### RECORDS FOR THE TASK
== == ==

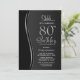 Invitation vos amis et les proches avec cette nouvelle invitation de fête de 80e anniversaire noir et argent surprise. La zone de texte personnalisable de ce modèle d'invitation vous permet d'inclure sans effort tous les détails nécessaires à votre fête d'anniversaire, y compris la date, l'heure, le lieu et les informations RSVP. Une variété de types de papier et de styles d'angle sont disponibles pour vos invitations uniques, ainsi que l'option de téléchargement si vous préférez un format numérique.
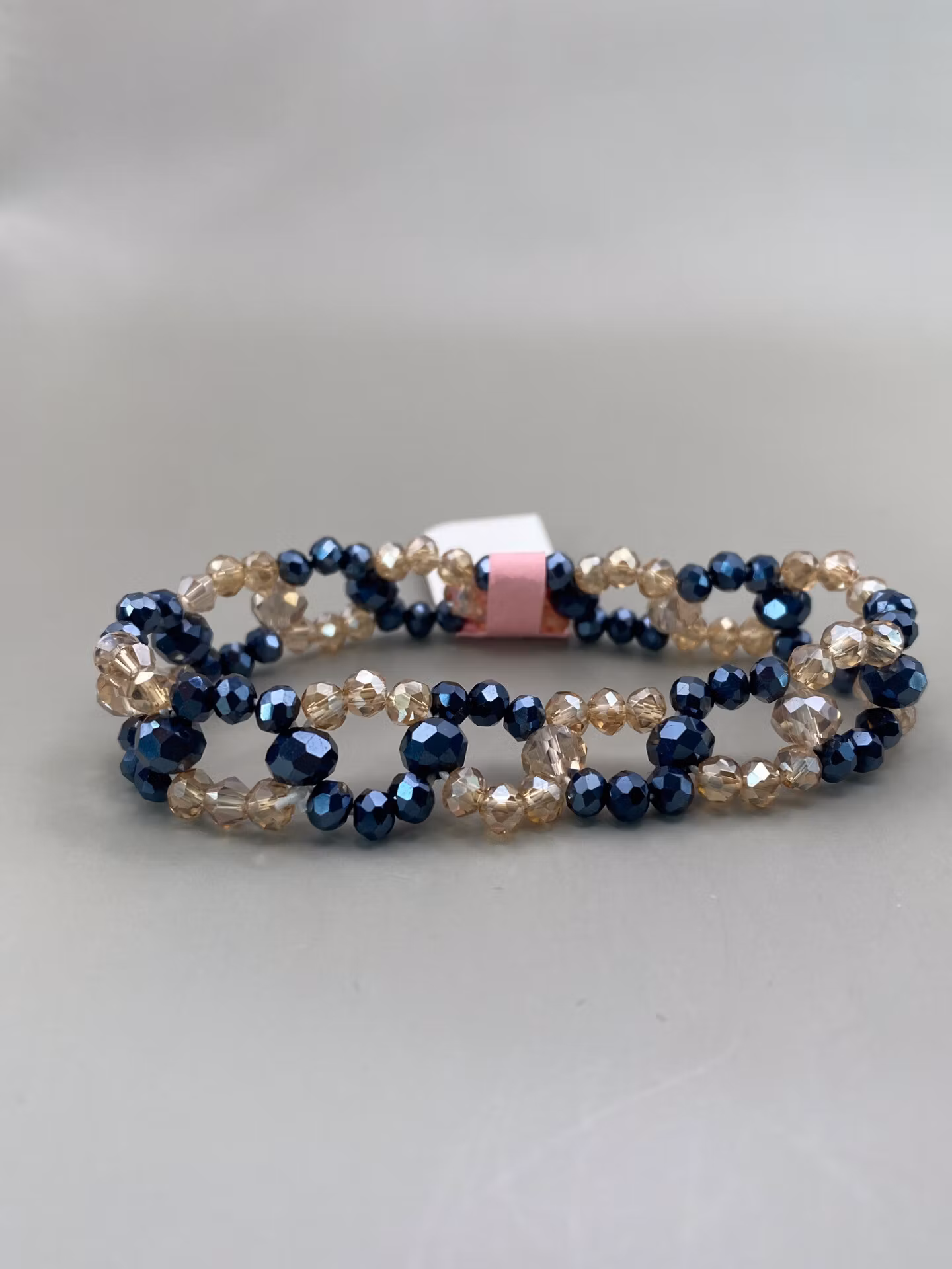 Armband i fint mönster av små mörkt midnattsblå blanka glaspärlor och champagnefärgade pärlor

== == ==

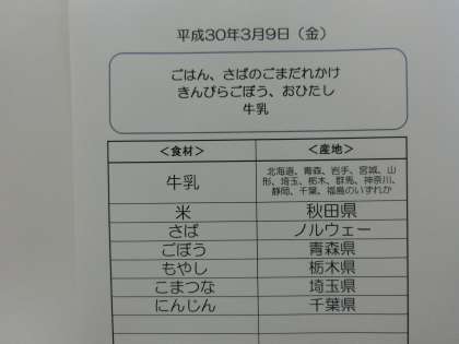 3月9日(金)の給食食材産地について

== == ==

Exercise for the records above: copy only the lines from the one with "Invitation vos amis" to the one with "Armband i fint", both ends kept, and drop the pictures.

### TASK ANSWER
 Invitation vos amis et les proches avec cette nouvelle invitation de fête de 80e anniversaire noir et argent surprise. La zone de texte personnalisable de ce modèle d'invitation vous permet d'inclure sans effort tous les détails nécessaires à votre fête d'anniversaire, y compris la date, l'heure, le lieu et les informations RSVP. Une variété de types de papier et de styles d'angle sont disponibles pour vos invitations uniques, ainsi que l'option de téléchargement si vous préférez un format numérique.
 Armband i fint mönster av små mörkt midnattsblå blanka glaspärlor och champagnefärgade pärlor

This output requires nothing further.